Winton v. State

Decision Date13 February 1924
PartiesWINTON v. STATE.
CourtFlorida Supreme Court

Error to Criminal Court of Record, Dade County; Tom Norfleet Judge.

Robert Winton, alias Raoul Trudell, alias Robert Frederick, was convicted of an offense, and he brings error.

Reversed.

Syllabus by the Court

SYLLABUS

Circumstances charging knowledge that property received stolen, essential to conviction. It is essential to a conviction for receiving stolen property that the receiver shall have knowledge that the property was stolen at the time of its reception, or of such circumstances as would put a man of ordinary intelligence and caution on inquiry.

Conviction reversed in absence of showing that defendant knew character of goods. In a prosecution for receiving stolen property knowing it to have been stolen, where there is nothing in the evidence tending to show that defendant knew at the time of its reception that the property was stolen and there is no evidence of circumstances such as would have put him on inquiry, a judgment of conviction should be reversed.

COUNSEL

L. A. Harris and G. C. McClure, both of Miami, for plaintiff in error.

Rivers Buford, Atty. Gen., and M. C. McIntosh Asst. Atty. Gen., for the State.

OPINION

WEST J.

Upon an information filed against him in the criminal court of record for Dade county, the defendant, plaintiff in error here, was tried and found guilty. To review the judgment imposing sentence upon him writ of error was taken from this court.
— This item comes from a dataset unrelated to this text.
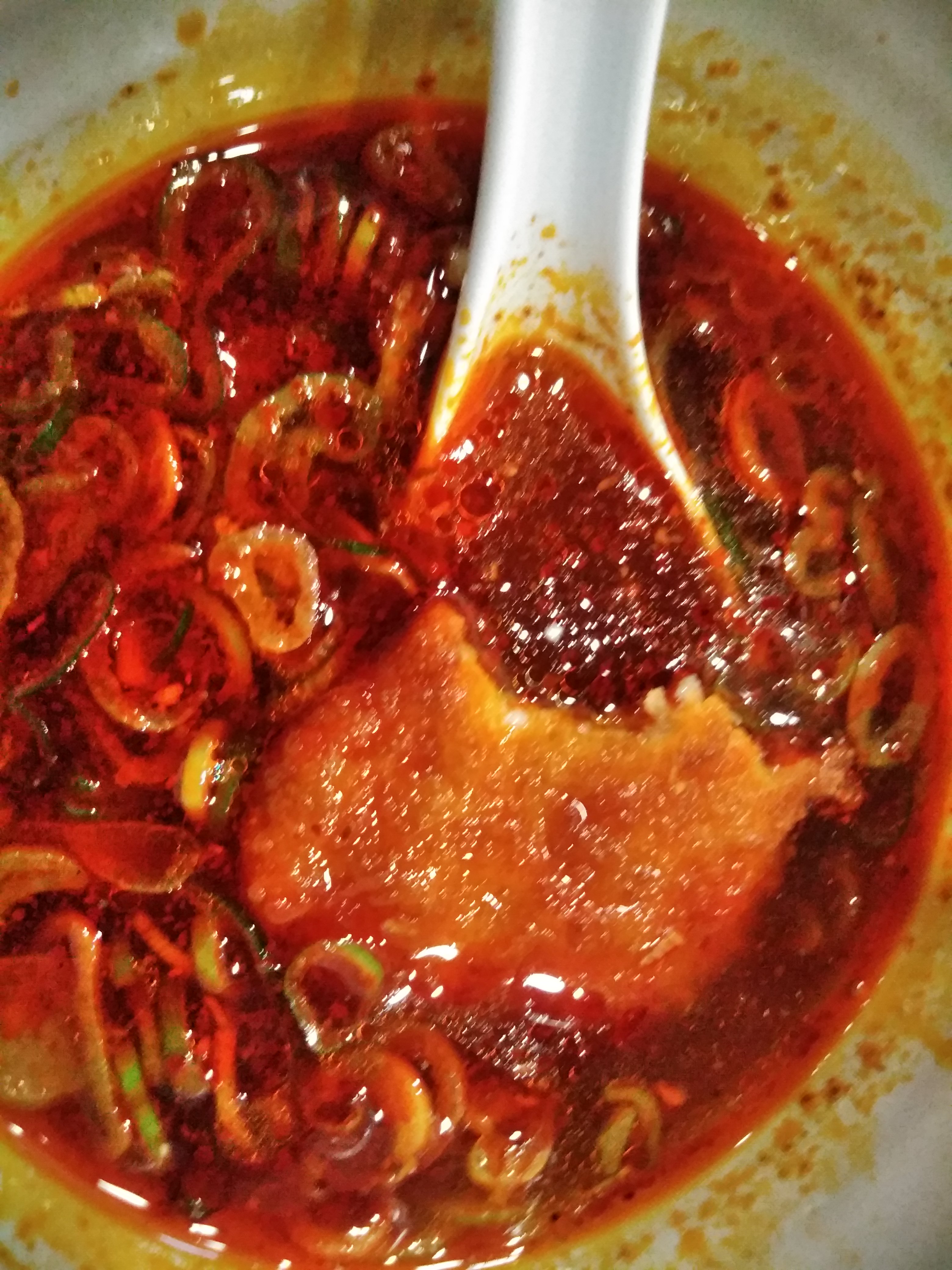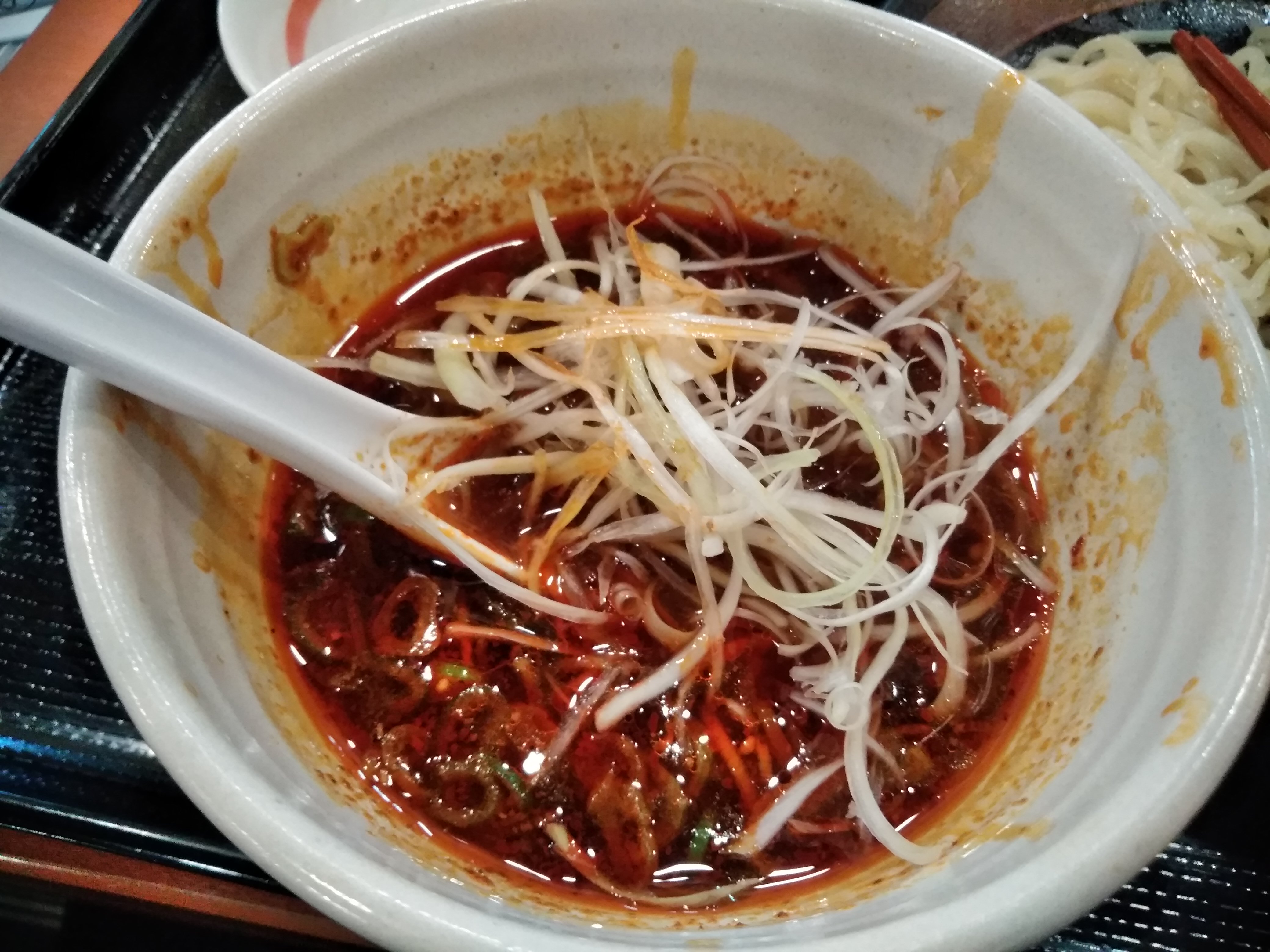 激辛つけめんのつけ汁です。見るからに辛そうですね。ネギもたっぷり入っています。
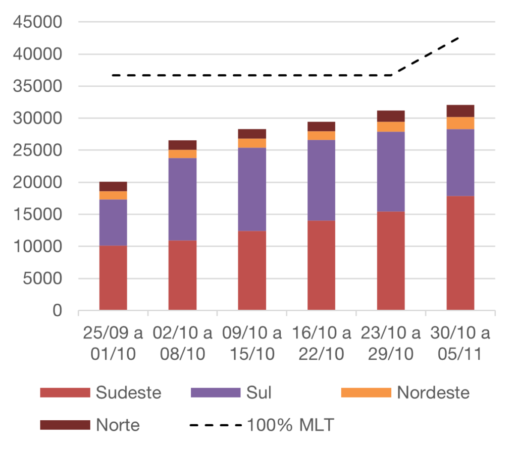 Analisando a previsão semanal da ENA na RV0 de outubro do ONS (23/set), verifica-se uma elevação significativa da ENA ao longo das semanas, superando a marca dos 32GW na semana operativa entre 30/10 a 05/11.

The information contains four counts. The first charges the felonious having, receiving, and aiding in the concealment of certain Miramar Hotel bonds of the value of $700, knowing them to have been stolen. The second charges the defendant with feloniously having, receiving, and aiding in the concealment of certain other securities, which are particularly described, of the value of $1,500, knowing them to have been stolen. The third charges the larceny by the defendant of the Miramar Hotel bonds, and the fourth charges the defendant with the larceny of the securities described in the second count.

At the conclusion of the evidence the jury were instructed in effect that there was not sufficient evidence upon which to base a conviction upon counts 2 and 4 of the information. The verdict returned found defendant guilty as charged in the first count, found the value of the property to be more than $50, and found him not guilty as to the third count.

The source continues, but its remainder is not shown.